I'm trying to train DGR on my own dataset.
So I made a dataloader which returns the same format as other loaders in this repo.
For example, I printed what getitem returns right before its returning line like this

print('u0: {}, u1: {}, c0: {}, c1: {}, f0: {}, f1: {}, m: {}, trans: {}'.format(unique_xyz0_th.shape, unique_xyz1_th.shape, coords0.shape, coords1.shape, feats0.shape, feats1.shape, len(matches), trans.shape))

        return (unique_xyz0_th.float(),
                unique_xyz1_th.float(), coords0.int(), coords1.int(), feats0.float(),
                feats1.float(), matches, trans, extra_package)

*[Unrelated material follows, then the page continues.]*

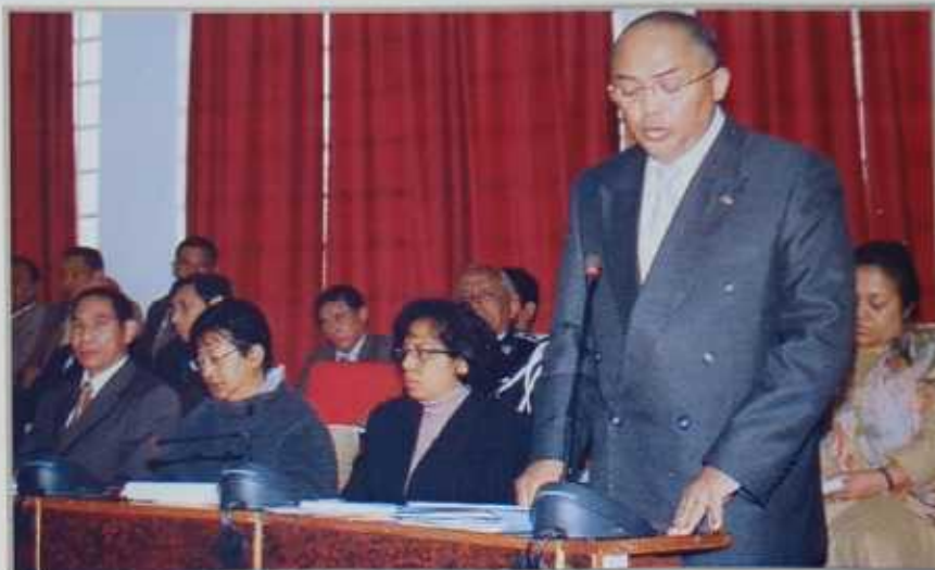
Les membres du Gouvernement à l'Assemblée nationale avec le Premier Ministre Charles RABEMANANJARA

Les actions menées par le Ministère sont alignées au MAP. Engagement n°1 « Gouvernance Responsable » et Engagement n°2 « Solidarité Nationale ». Quelques réalisations : - Réorganisation et sécurisation de la filière des bovidés (système d'élevage et de commercialisation) ; - Programme « Opérations de recensement administratif national de réhabilitation de l'état civil et de dotation d'actes de naissance à tous les citoyens ».

and this is its example output

u0: torch.Size([279, 3]), u1: torch.Size([281, 3]), c0: torch.Size([279, 3]), c1: torch.Size([281, 3]), f0: torch.Size([279, 1]), f1: torch.Size([281, 1]), m: 46745, trans: (4, 4)
u0: torch.Size([900, 3]), u1: torch.Size([859, 3]), c0: torch.Size([900, 3]), c1: torch.Size([859, 3]), f0: torch.Size([900, 1]), f1: torch.Size([859, 1]), m: 4696, trans: (4, 4)
u0: torch.Size([1159, 3]), u1: torch.Size([1153, 3]), c0: torch.Size([1159, 3]), c1: torch.Size([1153, 3]), f0: torch.Size([1159, 1]), f1: torch.Size([1153, 1]), m: 298974, trans: (4, 4)
u0: torch.Size([2092, 3]), u1: torch.Size([2048, 3]), c0: torch.Size([2092, 3]), c1: torch.Size([2048, 3]), f0: torch.Size([2092, 1]), f1: torch.Size([2048, 1]), m: 587866, trans: (4, 4)

These look similar to what 3DMatch dataset returns.

So I run the training code but it complains with

Traceback (most recent call last):
  File "train.py", line 76, in <module>
    main(config)
  File "train.py", line 55, in main
    trainer.train()
  File "dgr/core/trainer.py", line 135, in train
    self._train_epoch(epoch)
  File "dgr/core/trainer.py", line 237, in _train_epoch
    weights=weights)
  File "dgr/core/trainer.py", line 591, in weighted_procrustes
    X=xyz0[pred_pair[:, 0]].to(self.device),
IndexError: index 588 is out of bounds for dimension 0 with size 588

To see what it means, I also printed xyz0, xyz1, and pred_pair in core/trainer.py like this

  def weighted_procrustes(self, xyz0s, xyz1s, pred_pairs, weights):
    decomposed_weights = self.decompose_by_length(weights, pred_pairs)
    RT = []
    ws = []

    for xyz0, xyz1, pred_pair, w in zip(xyz0s, xyz1s, pred_pairs, decomposed_weights):
      xyz0.requires_grad = False
      xyz1.requires_grad = False
      ws.append(w.sum().item())
      print('in trainer, xyz0: {}, xyz1: {}, pred_pair: {}'.format(xyz0.shape, xyz1.shape, pred_pair))
      predT = GlobalRegistration.weighted_procrustes(
          X=xyz0[pred_pair[:, 0]].to(self.device),
          Y=xyz1[pred_pair[:, 1]].to(self.device),
          w=w,
          eps=np.finfo(np.float32).eps)
      RT.append(predT)

and this is what I got

in trainer, xyz0: torch.Size([1201, 3]), xyz1: torch.Size([1178, 3]), pred_pair: tensor([[  0,  23],
        [  1,   5],
        [  2,   5],
        ...,
        [585, 531],
        [586, 532],
        [587, 533]])
in trainer, xyz0: torch.Size([588, 3]), xyz1: torch.Size([569, 3]), pred_pair: tensor([[   0,  998],
        [   1,  948],
        [   2,   14],
        ...,
        [1188, 1167],
        [1189, 1166],
        [1190, 1072]])

For me, it seems like somehow the pred_pair is swapped since the first pred_pair has indices up to 587 which is the size of the xyz0 in the second.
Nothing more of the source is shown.